Sunday, February 10, 2008

I Don't Like Wind

Our winter has... sucked. We really haven’t even had a winter. Sure, there was snow for about 10 minutes, then it melted and got to 60 degrees, but for the most part its been more spring than winter all winter.

Instead of the nice fluffy snow closing work and schools and getting us a day off, we’ve had wind. I hate wind. I have trees in the backyard and frankly they don’t look like very sturdy trees. We had them pruned recently, and thankfully because we’ve had some wind storms that rival some hurricanes. Nice 55 mph gusts that rattle everything and fling your garbage can lid miles down the road, never to be seen again. Not only do your recycle items disappear from your bin, but large branches come tumbling down off the not very sturdy looking trees.

I sit and wait for that tell tale crash of a tree in our house. I say its only a matter of time and the tree is trying to pick the most inconvenient time to hurl itself into the roof of our house, destroying the wonderful new deck, and perhaps even ripping off the entire kitchen. Ok, while a major inconvenience I would forever be rid of those nasty cupboards, but is it worth the hassle?

My biggest fear is having the dogs outside and having a huge branch fall and squish or impale them. That’s a HUGE fear of mine, one the dogs sense because the moment I decide that I need them to come inside before an entire tree falls and impales and squishes them... they decide to ignore me and play. Oh yeah, there I am, screaming for them to come into the house the very second, you get in here, come here, come here!!! They are laughing at me and chasing each other around the massive parts of trees that have already fallen. Oh its great fun for them to totally ignore my shrieking and dancing. At one point I ran into the house, got a slice of bread (something they usually can’t resist) and was shrieking, dancing, and waving a slice of bread.

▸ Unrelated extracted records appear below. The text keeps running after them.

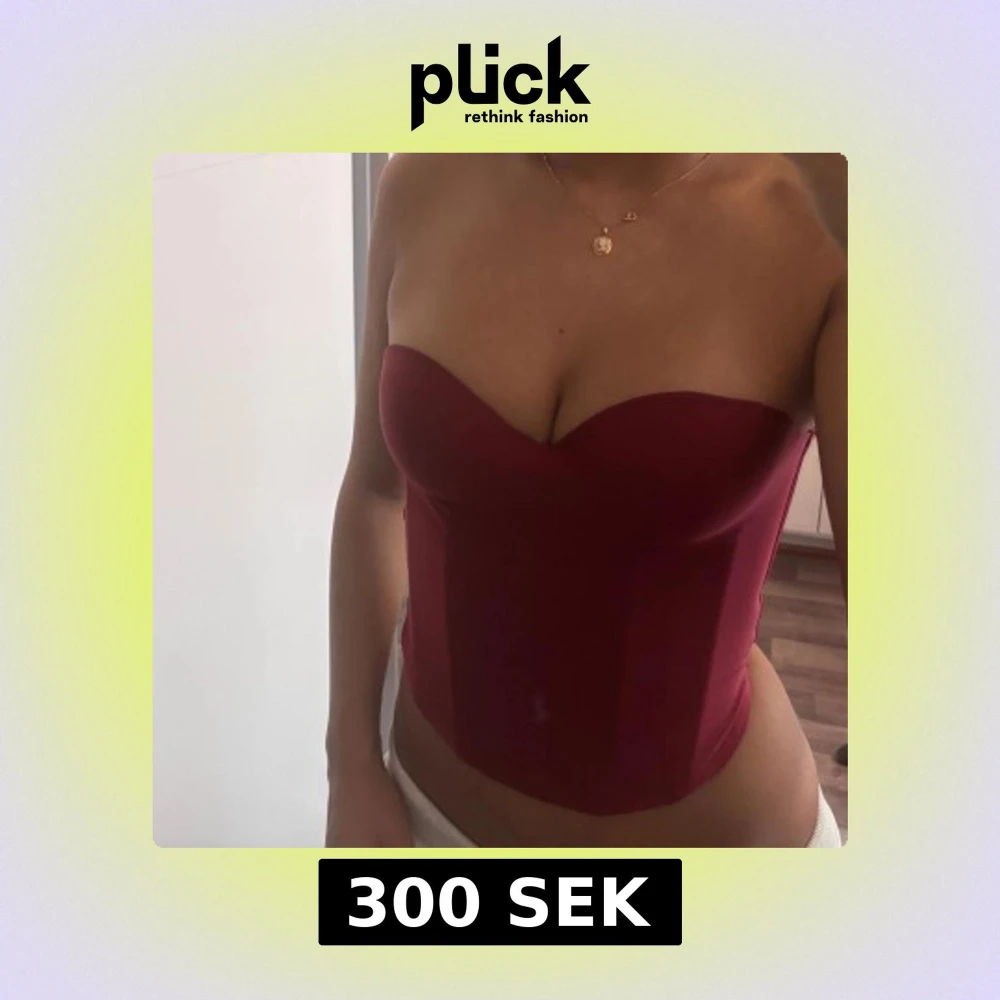 Säljer en vinröd korsett-topp med axelbandslös och bandeauformad design. Toppen har en snygg sweetheart-ringning och stängs med hakar i ryggen. Materialet är slätt och har en lätt glansig finish som ger en cool och trendig look.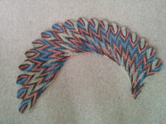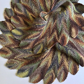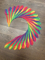This shawl uses only one skein of any sock yarn of your choice but it looks best when the color is variegated. Choose bright jewel tones for a tropical bird of paradise look or a more subdued colorway for a dreamy soft look that just hints at the shape of feathers.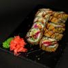 Ryż, Nori, Sos spicy-majo, Tykwa, Cheddar, Tempura, Panko, Cebula prażona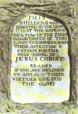 In 1792, Rev. Benjamin P. Grigsby succeeded Mr. McCue as pastor. The Old Stone church was built in 1796 under Grigsby's pastorate. Then occurred the first mention of a woman's Christian service, within the bounds of the Synod of West Virginia. Mrs. Agnes Stuart (nee Agnes Lewis, of the line of Col. Andrew Lewis), wife of Col. John Stuart, was the principal subscriber to this building, she and her brother, Colonel Lewis, giving US$2,500. No doubt this woman's interest inspired others who gave assistance in other ways. Her husband, having already liberally subscribed, gave the land on which the church was built, and being an artisan in stone work, he engraved a stone which was placed over the front entrance. Mr. Grigsby went back to Eastern Virginia shortly after the erection of the church and there was a vacancy for ten years.[2]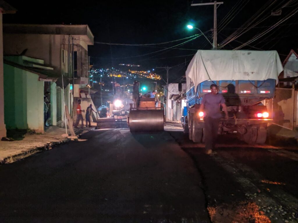 Começou hoje a noite a aplicação da massa asfáltica na rua Antônio Jacinto Ferreira no bairro Acampamento em Carmo do Rio Claro.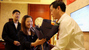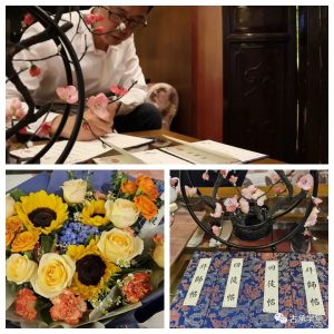 袁曦和陈捷分别向老师献花、诵读拜师贴和敬茶,导师则回赠予亲自编写的书籍,寄语弟子德艺双修。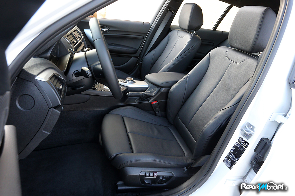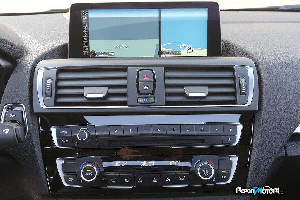 Nell’abitacolo l’equipaggiamento di serie della nuova BMW Serie 1 è stato completato con la radio BMW Professional e con il sistema di comando iDrive. La presenza del Control Display da 6,5 pollici, montato a isola in posizione centrale può essere a richiesta portato a 8,8 pollici.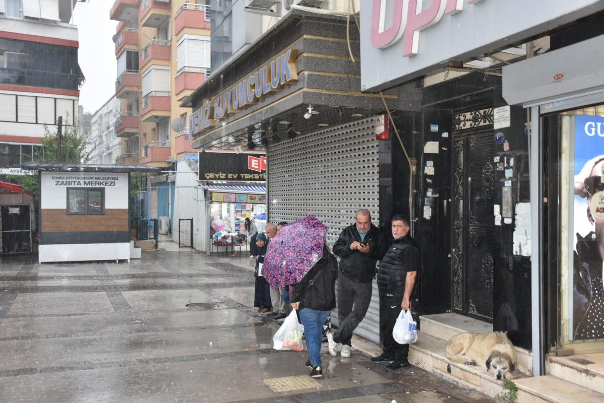 Yağmura hazırlıksız yakalanan vatandaşlardan bir kozmetik firmasında çalışan Murat Can Bulut, “İstanbul’dan yeni geldim. Orada da yağmur vardı ancak burada etkili oluyor. İzmir’de felaket bir yağmur var. Korunaklı bir alanda kalakaldık” dedi.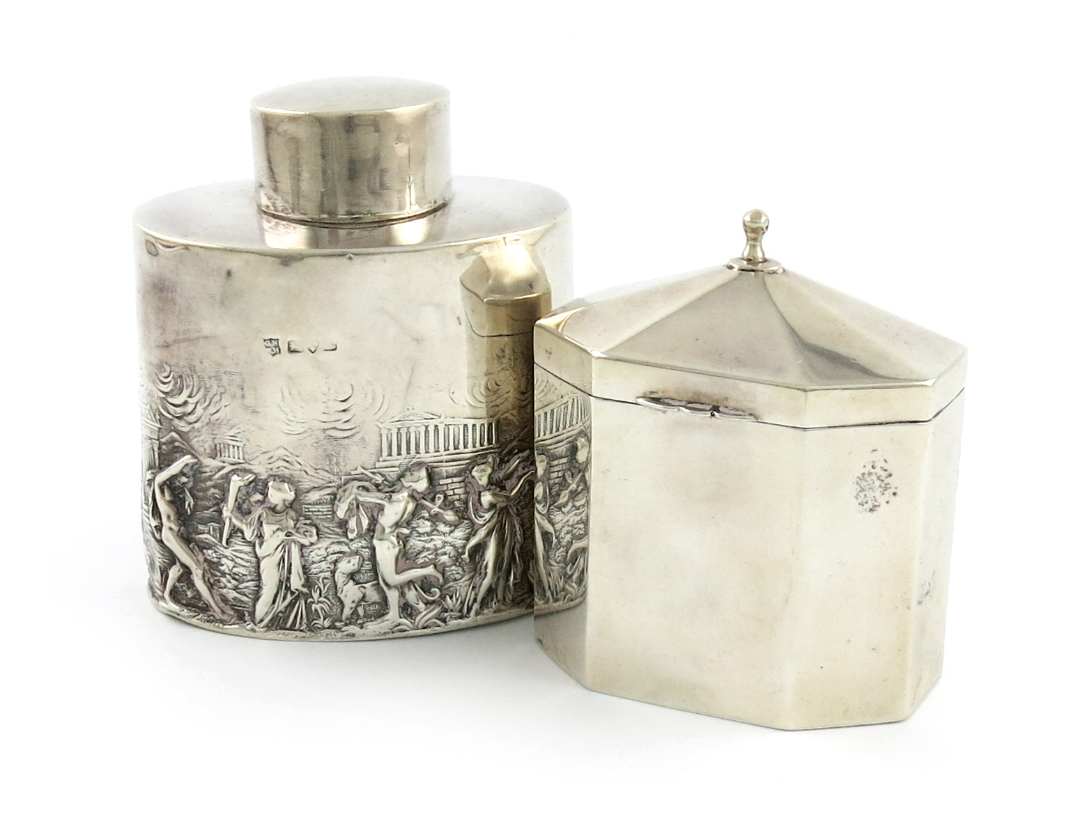 oval form, pull-off cover, the base with a frieze of classical figures, height 10.2cm, plus another silver tea caddy, Birmingham 1907, panelled rectangular form, approx. weight 8oz. (2)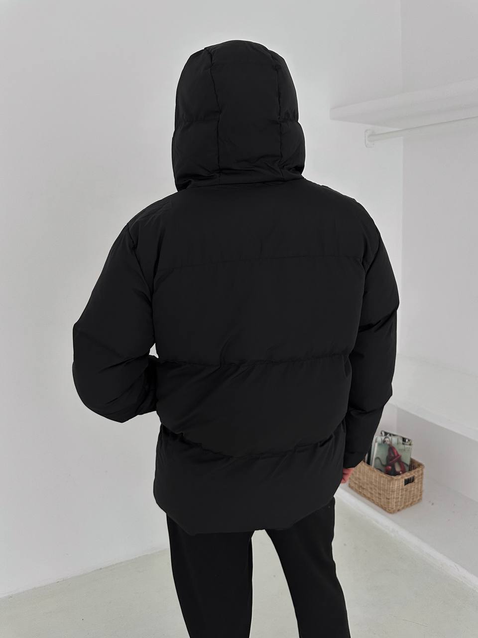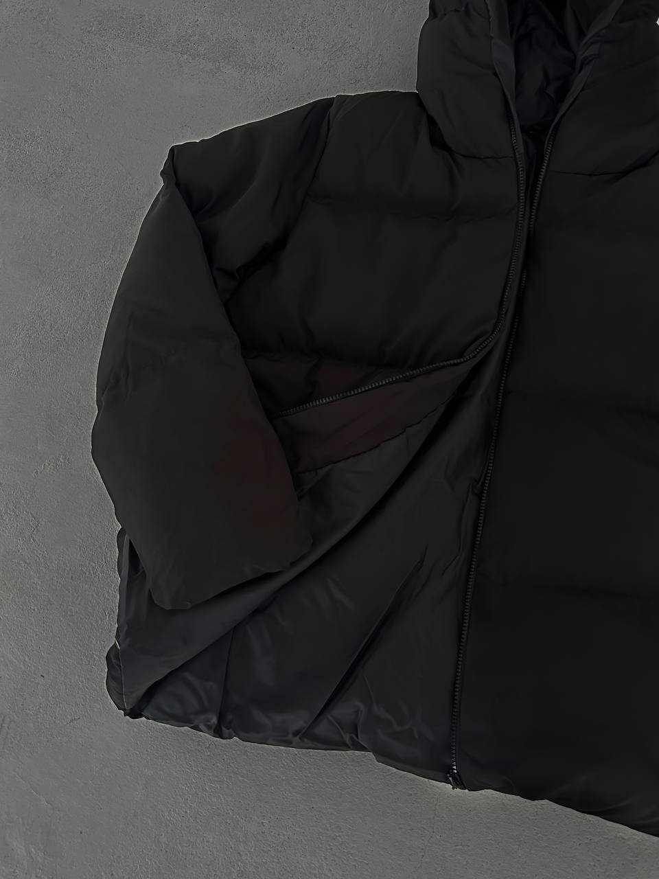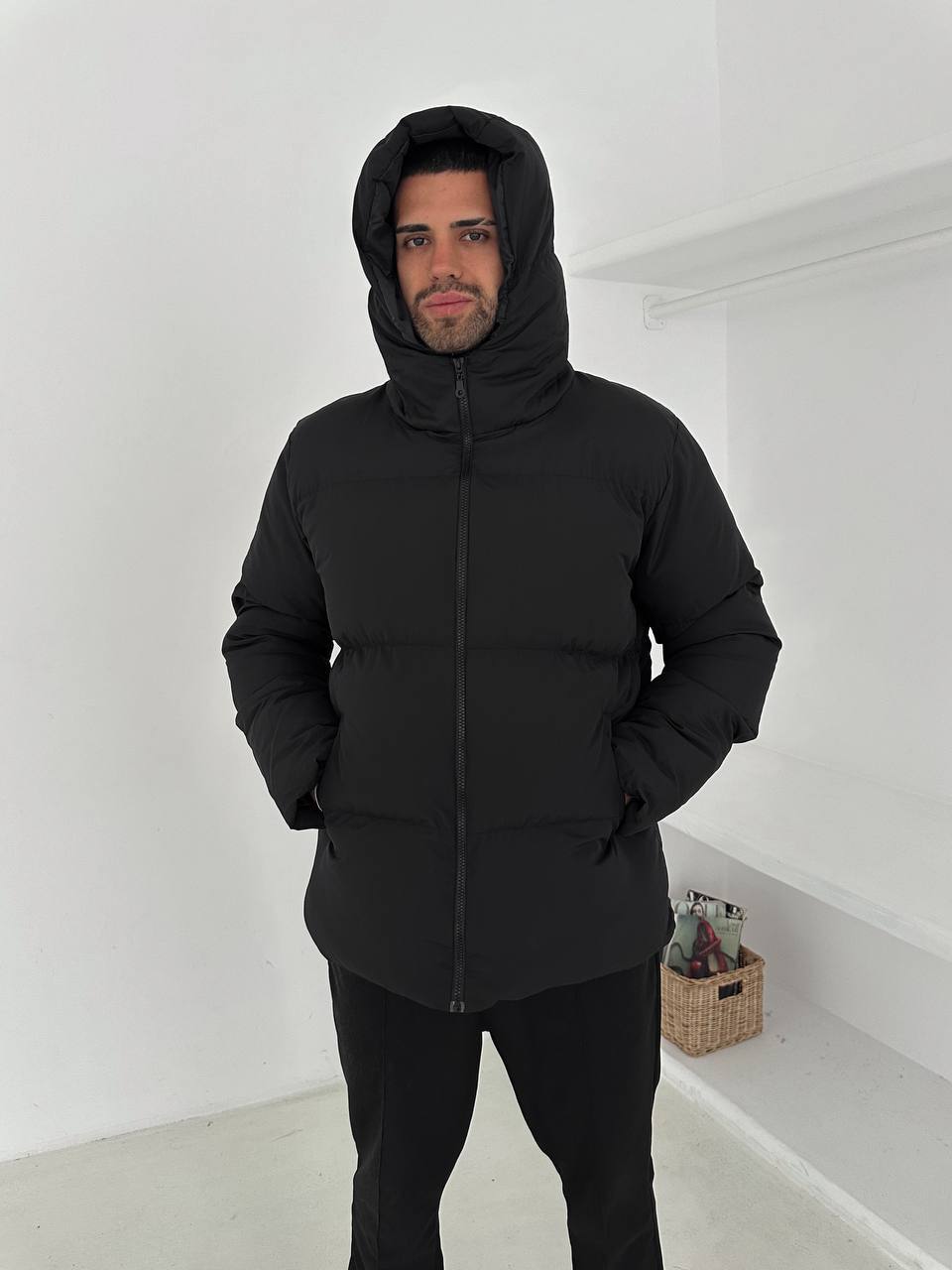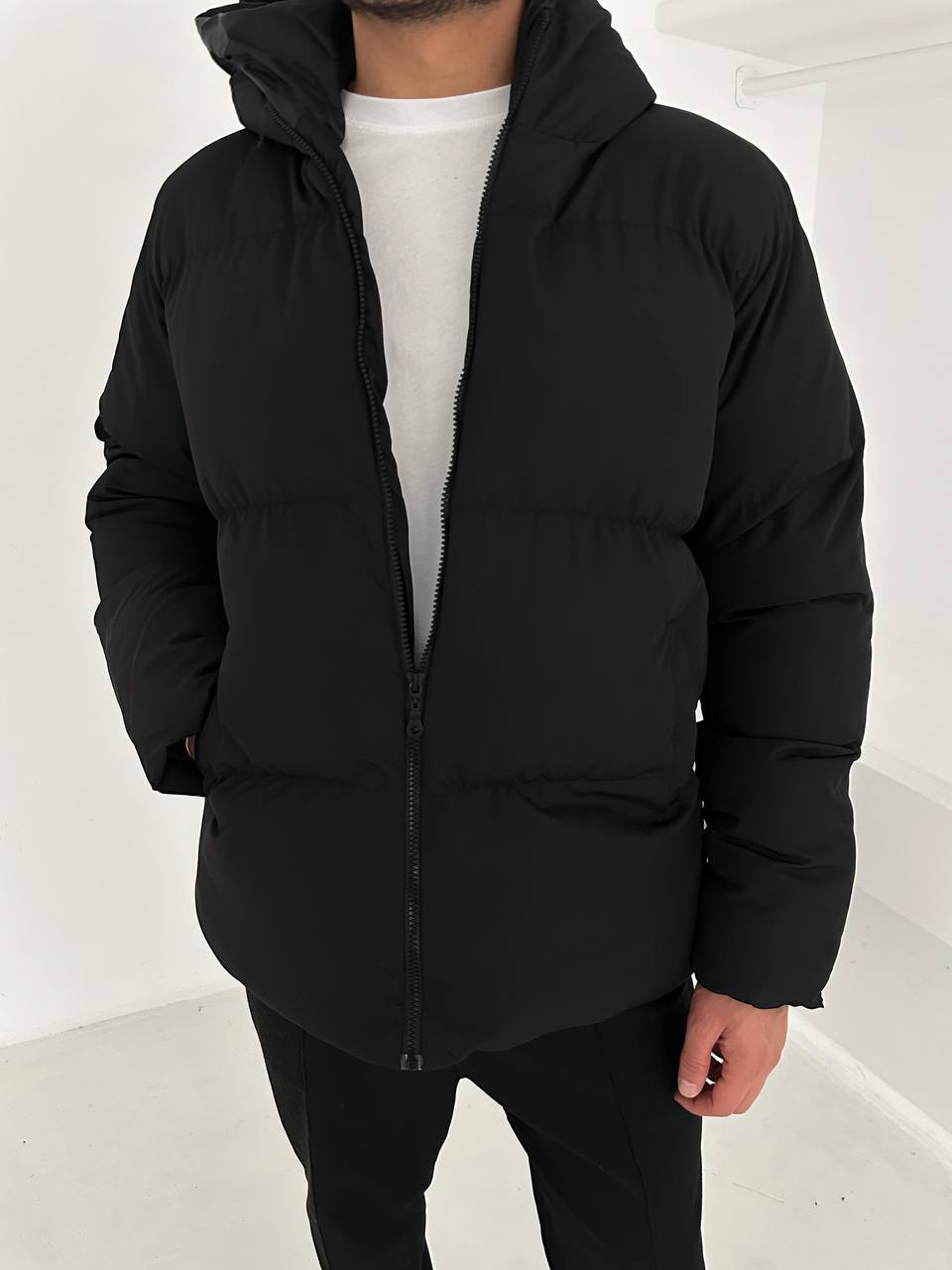 جاكيت نفخ طويل لون اسود , مطري , قالب كبير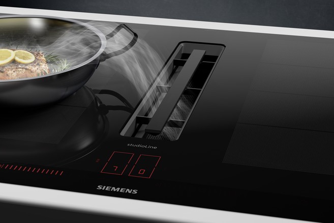 Siemens Home Appliances presenteert kookplaten van de nieuwe generatie met geïntegreerde ventilatie: het inductionAir System. De ideale kookpartner dankzij zijn vlakke design, zuivere lijnen, spotgemakkelijke bediening en reinigingssysteem. Deze kookplaten bestaan in diverse én innoverende formaten: voortaan is het – voor het eerst in België – mogelijk om naast het klassieke formaat met een breedte van 80 cm, een kookplaat met geïntegreerde ventilatie van 70 cm te installeren in een uitsparing die is bedoeld voor een kookplaat van 60 cm.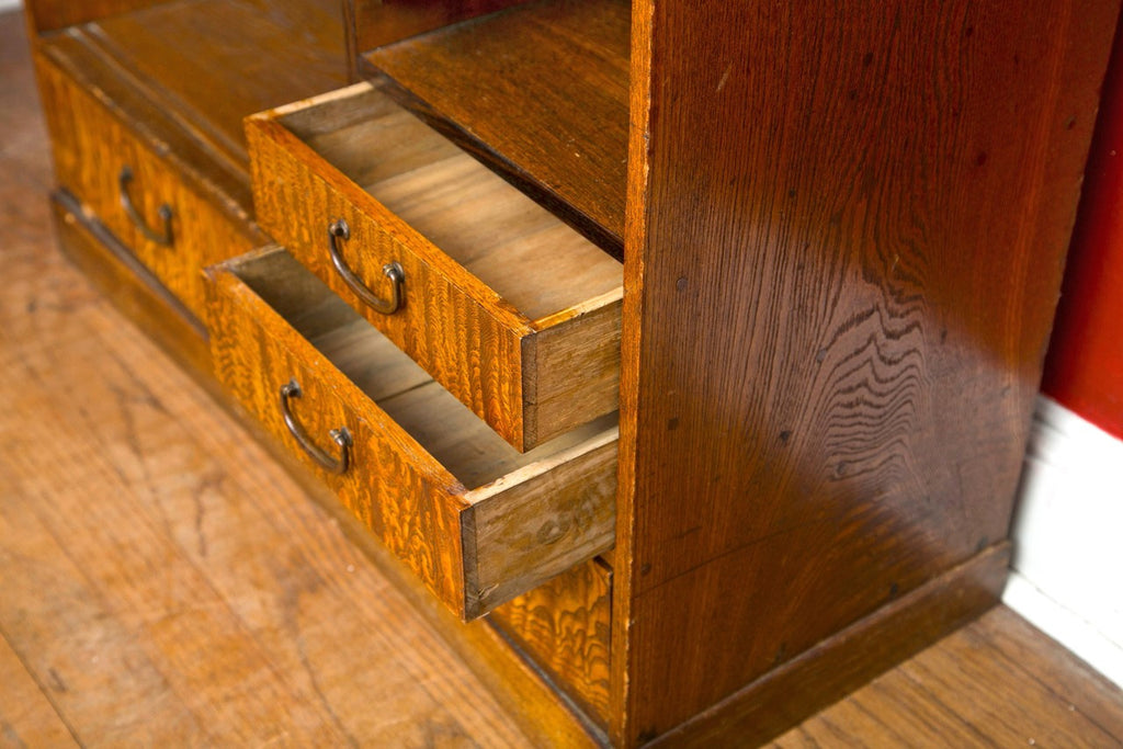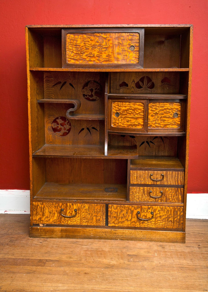 This is a 38" high cabinet with four drawers and two sets of doors. It has open areas and parts of the back that are routed out to form designs. It also has an "S" shaped shelf. Very Unique cabinet. Tamo wood drawer and door faces. Tamo is a heavily figured wood from Northern China that is related to Elm Wood. The balance of cabinet is elm wood. Made in China circa 1950. Condition: Excellent. 38"H x 10.5"D x 28.5"W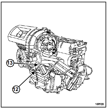| Nota : Déverrouiller la bride (13), puis la lever pour la sortir du bloc de chauffage. |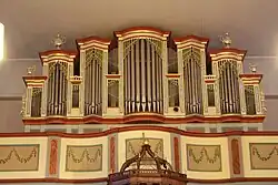 Im Jahr 1680 schloss die Gemeinde mit Meister Chunrad aus Angersbach einen Vertrag über einen Orgelneubau, der sechs Register auf einem Manual ohne Pedal umfassen sollte.[19] Chunrads Erstlingswerk kam nicht zur Ausführung. Stattdessen wurde eine Orgel von Georg Henrich Wagner aus Lich bestellt, der im selben Jahr lieferte. Nach mehreren Reparaturen wurde die Orgel 1783 aufgrund von Baufälligkeit abgetragen.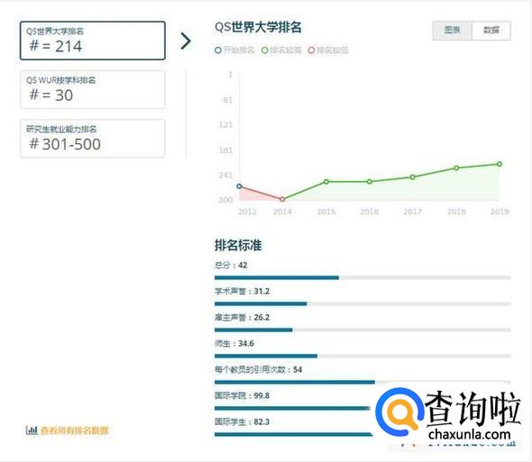 注:QS世界大学排名是世界公认最具影响力的全球性大学排名之一,主要评价指标为:学术领域的同行评价(40%)、全球雇主评价(10%)、单位教职的论文引用数(20%)、教师/学生比例(20%)、国际学生比例(5%)、国际教师比例(5%)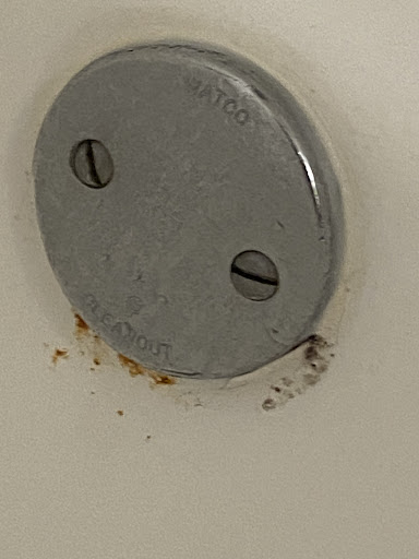 *The rooms! They are spacious and very nice, but also neglected. Thick dust all over. We wiped down shelves and you can see the dust thickness is the corner. The bathroom could have been nice if the dirty bathtub from the 1970âs was cleaned up. The floor behind the toilet had black mold on it, and the floor in front of the toilet was bubbled.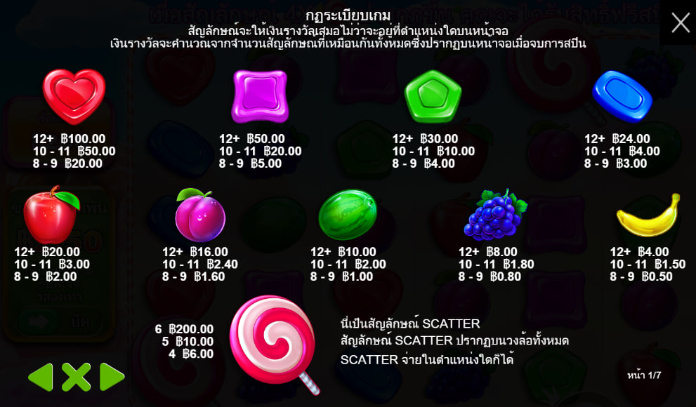 สัญลักษณ์การจ่ายของเกม Sweet bonanza

I’m sure that our neighbors feel we could possibly be mentally disturbed and perhaps a tad bit dangerous from our strange yard rituals:

chasing a dog that caught an adult squirrel around the yard while wearing a robe and rubber boots

chasing a dog that caught a mole, who then passes it to another dog, and then over to another dog like precision soccer players, while wearing a robe and rubber boots.

Standing in the yard in a robe and no boots screaming “DON’T EAT THE POOP”

Kneeling in the yard wearing a robe, rubber boots and rubber gloves while sifting through poop to see if the (insert strange item here) has passed safely through the digestive tract.

So, I’m guessing that the shrieking, frantic neighbor waving a slice of bread is just another day in wackytown.

They did eventually come in, one at a time, laughing at me and getting their bread treat. Now I let them out one at a time, and this makes them very angry.

The wind is suppose to be dying down soon. Soon isn’t soon enough for me.